ACTIVITY:
Data follows below. Repeat exactly the lines between the line holding "Gri leopar desenli, salaş" and the line holding "Actually, while I", inclusive, and nothing more; drop pictures.

DATA UNDER STUDY:
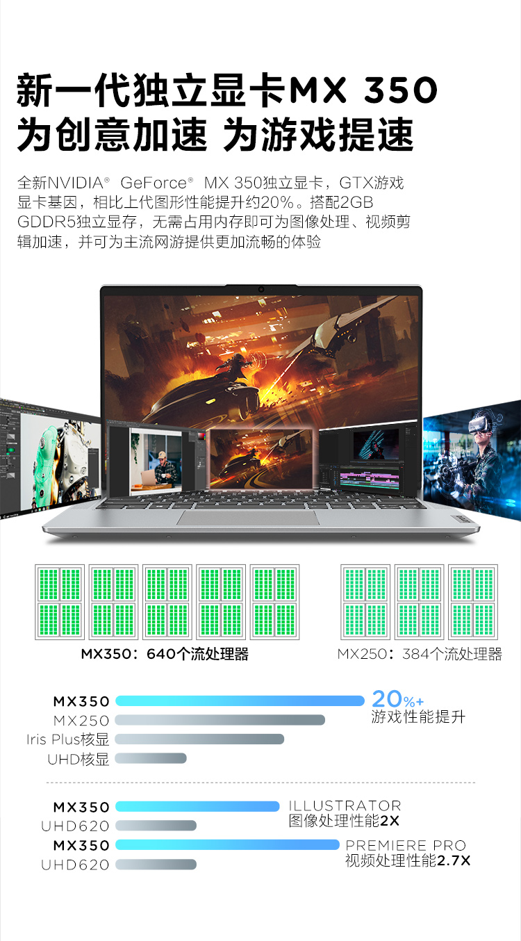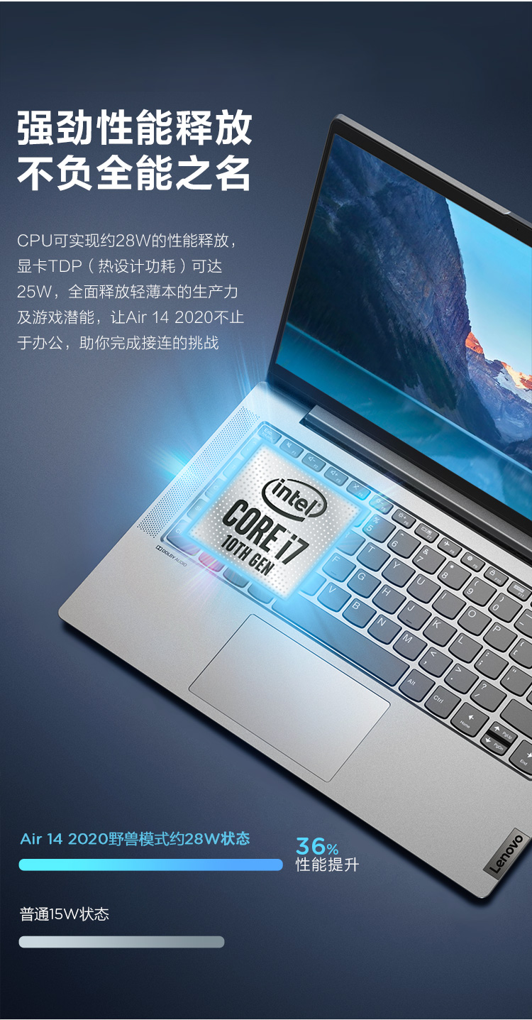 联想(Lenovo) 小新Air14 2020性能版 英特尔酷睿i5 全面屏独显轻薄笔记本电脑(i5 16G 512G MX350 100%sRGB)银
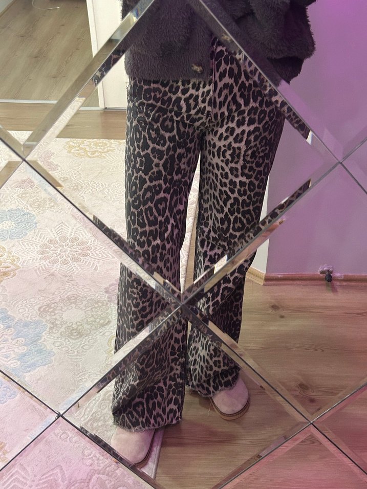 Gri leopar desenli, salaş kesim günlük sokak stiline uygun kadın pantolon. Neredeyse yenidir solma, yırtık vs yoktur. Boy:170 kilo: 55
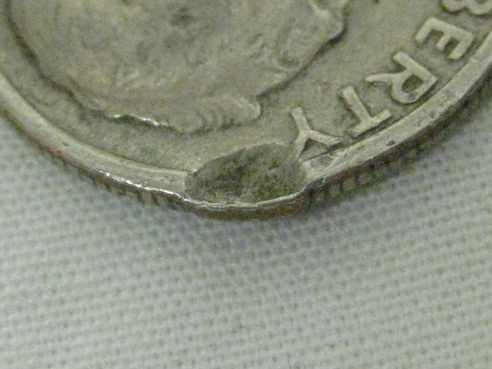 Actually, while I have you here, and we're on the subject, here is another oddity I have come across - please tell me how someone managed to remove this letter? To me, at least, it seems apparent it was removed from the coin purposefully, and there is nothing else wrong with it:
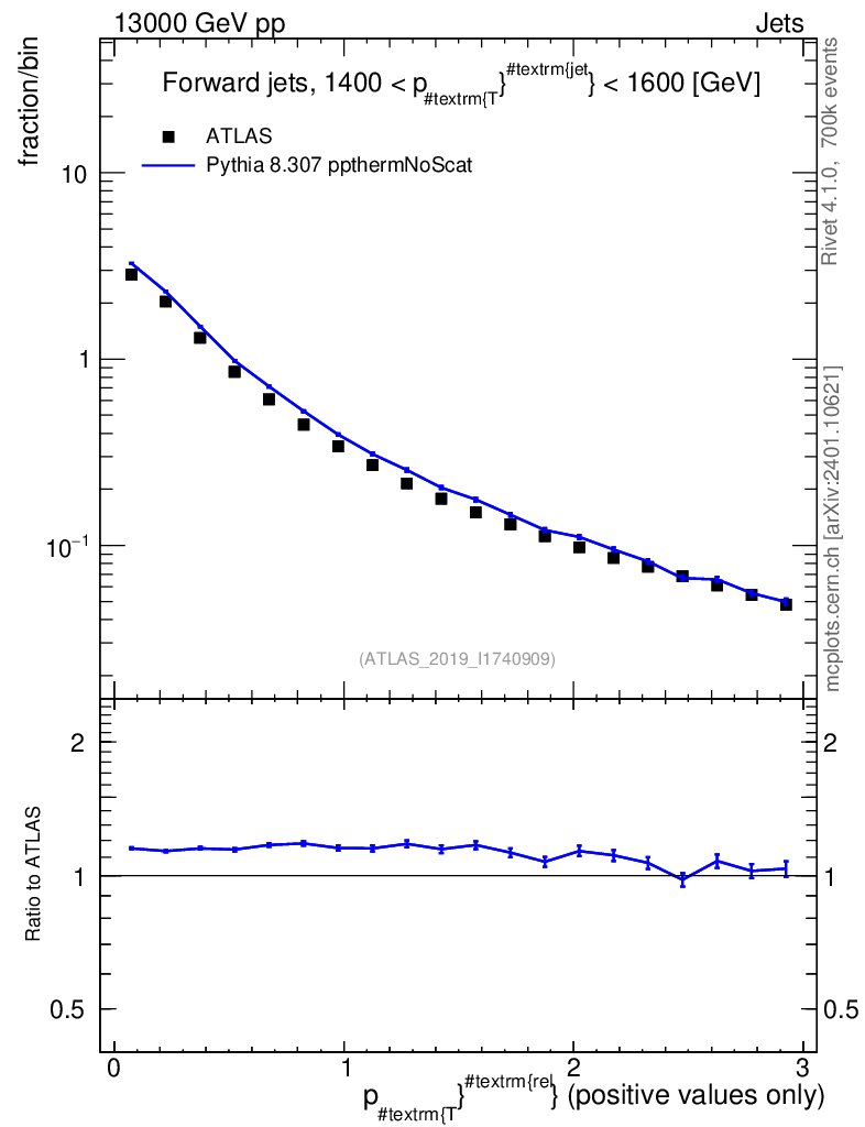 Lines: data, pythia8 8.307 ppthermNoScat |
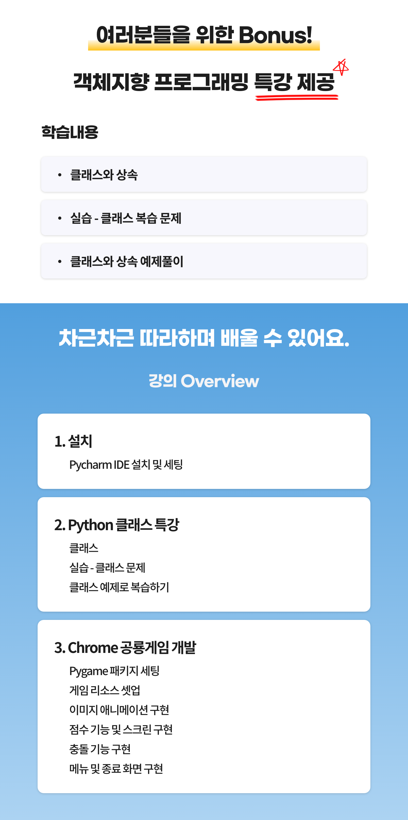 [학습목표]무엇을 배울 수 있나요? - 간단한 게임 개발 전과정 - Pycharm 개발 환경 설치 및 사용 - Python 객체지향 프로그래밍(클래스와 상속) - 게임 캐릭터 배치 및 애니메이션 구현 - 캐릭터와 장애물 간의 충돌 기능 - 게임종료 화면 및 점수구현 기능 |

ANSWER TO THE PROBLEM:
 Gri leopar desenli, salaş kesim günlük sokak stiline uygun kadın pantolon. Neredeyse yenidir solma, yırtık vs yoktur. Boy:170 kilo: 55
 Actually, while I have you here, and we're on the subject, here is another oddity I have come across - please tell me how someone managed to remove this letter? To me, at least, it seems apparent it was removed from the coin purposefully, and there is nothing else wrong with it:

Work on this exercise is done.